А на похороны Виктора Константиновича я попал случайно. Я уже окончил институт, но приехал на родной факультет купить книжки по матанализу для своих учеников из математического класса. Приехал и увидел портрет в траурной рамке, под которым написано, что отпевание завтра в таком-то храме. Прихожу на следующий день на отпевание, вижу многих своих преподавателей, а также совсем молодых ребят и девчонок — к тому времени в институте открылось дневное отделение. Все ревут. После отпевания священник говорит: «Виктора Константиновича я знаю давно, он был нашим постоянным прихожанином». И рассказывает, что он многих своих студентов привел к вере.

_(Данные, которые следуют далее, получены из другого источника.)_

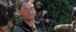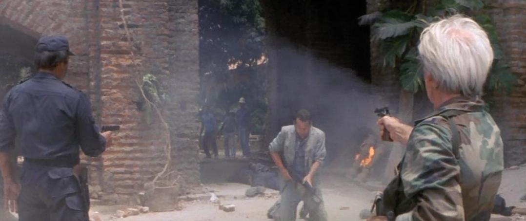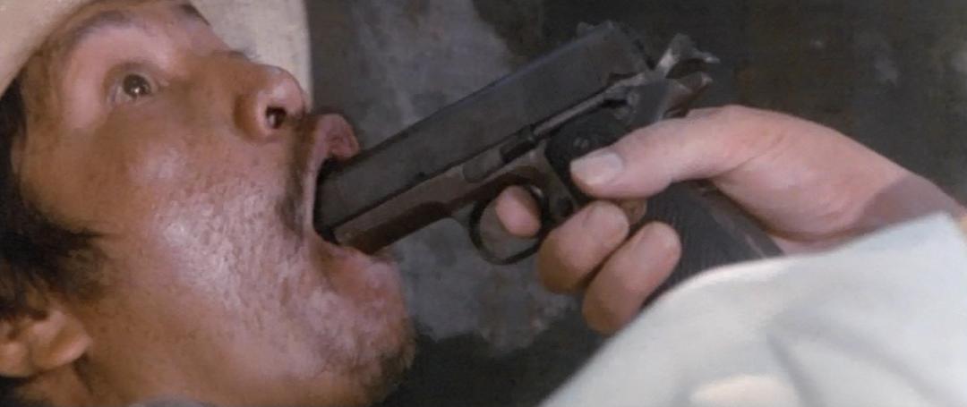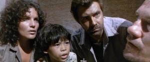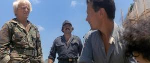 Suddenly a boat is approaching but it’s the Chinese gang, so Tony hides in the water with the case of cash and tells Babyfat and Pendergast to go aboard their boat. When the Chinese gang see it is Pendergast they are delighted, but their delight turns to disappointment when Tony surfaces with a gun and orders the Chinese gang onto the dinghy boat, taking their boat in return for a more speedy escape.

А я, когда учился, понятия не имел, что мой любимый преподаватель — верующий человек.
Второй замечательный преподаватель, который сильно на меня повлиял — Герман Григорьевич Левитас. Он читал нам методику преподавания. На первом же занятии он сказал: «Если вы пришли в класс и у вас все получается — вам нравится проводить уроки, дети вас слушают, и вы можете их научить, — никакая методика вам не нужна. А вот если не получается, я скажу, что надо делать».
И буквально по шагам всё расписал: делай раз, делай два, делай три. И процесс пойдет. И все советы были простые и точные, ремесленные в хорошем смысле. Он сейчас преподает в «Лиге школ» — есть в Москве такая маленькая замечательная школа, и мы с ним до сих пор дружим.
И, конечно, всегда с нежностью и благодарностью я вспоминаю Федора Леонидовича Варпаховского. Потом я узнал, что он сын известного театрального режиссера, прошедшего ГУЛАГ, но дело не в этом. Очень редко встречал я таких мягких, застенчивых людей. Когда опоздавшие студенты входили в аудиторию, он чуть ли не извинялся перед ними за то, что уже читает лекцию, и просил тихонечко пройти на свое место.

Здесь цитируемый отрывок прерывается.